The O’Brien Houses, Champ’s base of operations, were six high rises aligned in a crescent just inside the Dempsy city line. The long driveway in front of the houses served as a drive-by dope market for neighboring all-white Rydell, and in the evenings, especially on weekends, the gently curved one-way strip was often bumper-to-bumper with white-boy muscle cars, sports cars, jeeps and vans, the servers working the line like carhops. About a third of the dope was beat, but a customer had to be high out of his mind to come back and complain. The Rydell dopers knew the odds of getting burned, knew the odds of getting robbed if they came over in the hours after midnight when the traffic was slower. They also knew that the Rydell cops were often staked out on the Rydell side, scoping out the dope line with binoculars so they would know who to pop the minute a customer came back into town. But O’Brien was so convenient, and the drive-up crescent so fast and simple, that the customers took their chances. Besides, the same coke or heroin automatically doubled in price if they bought it a hundred yards east, over the line, so it all evened out in the end.

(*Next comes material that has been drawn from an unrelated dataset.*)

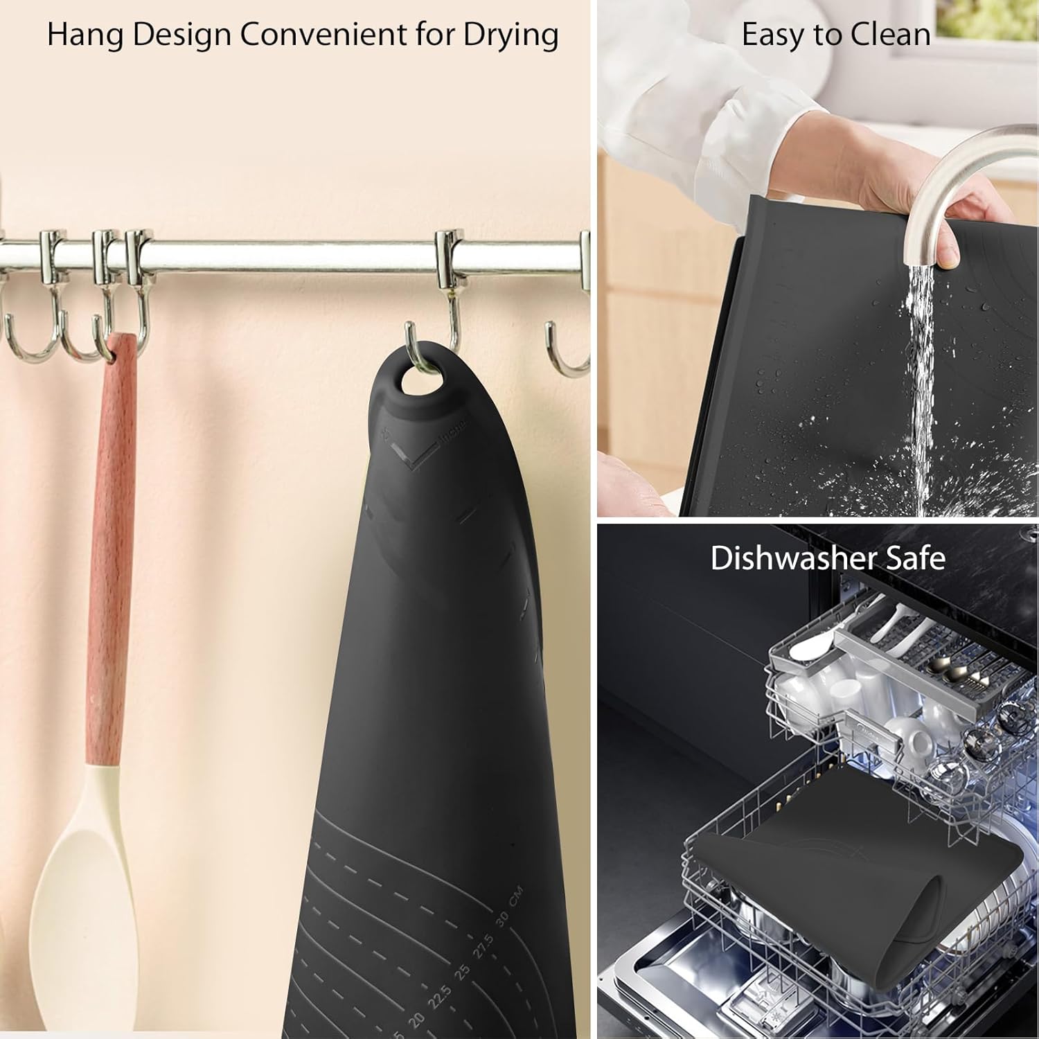 - Easy to Clean and Store: The smooth surface of the baking mat makes it easy to clean, just rinse the mat with warm soapy water or throw it into the dishwasher, there's no need to scrub again. Every package has a petal silicone tie wrap, it can be rolled up or folded for easy storage. In addition, the side holes can also be easily hung on the kitchen wall and then dry themselves

Rodney parked the car on a small rise overlooking the projects, and the three of them watched the O’Brien run, the procession of stop-and-go headlights steaming in the drizzle, the six towers looming behind the clockers like giant dominoes.

“White, white, white.” Rodney clucked his tongue. “Oh please, Officer, it’s my first time. My father gonna kill me.” He laughed but the knocko was too tense, not listening, and just then Strike spotted Champ standing in front of one of the buildings. Champ was hard to miss even in the nighttime mist: jumbo-size in a white T-shirt, white knee-length shorts and a fat pair of Reebok Pumps, each sneaker looking big enough to house a puppy. He lumbered back and forth like a caged bear, divorced from the action, ignoring the servers out in the rain, wading through a cloud of aimless teenagers who seemed to follow him wherever he moved. Strike noticed that if Champ waddled fifty feet to the west, the human cloud would somehow re-form around him a few moments later. When he waddled fifty feet to the east, the same slow re-formation took place.

“Look at that boy,” Rodney said affectionately, as if he’d forgotten about Papi altogether. ’

Champ stepped back to the sidewalk and yelled something up into the nearest building. Seconds later a bucket was lowered out a third-floor window into his waiting hands. Rodney said, “Snack time.” Champ shuffled back under the overhang, plunked himself down on an overturned shopping cart and pulled out a crab with each hand, alternating his bites from fist to fist, the cloud of kids forming a loose circle around the shopping cart now.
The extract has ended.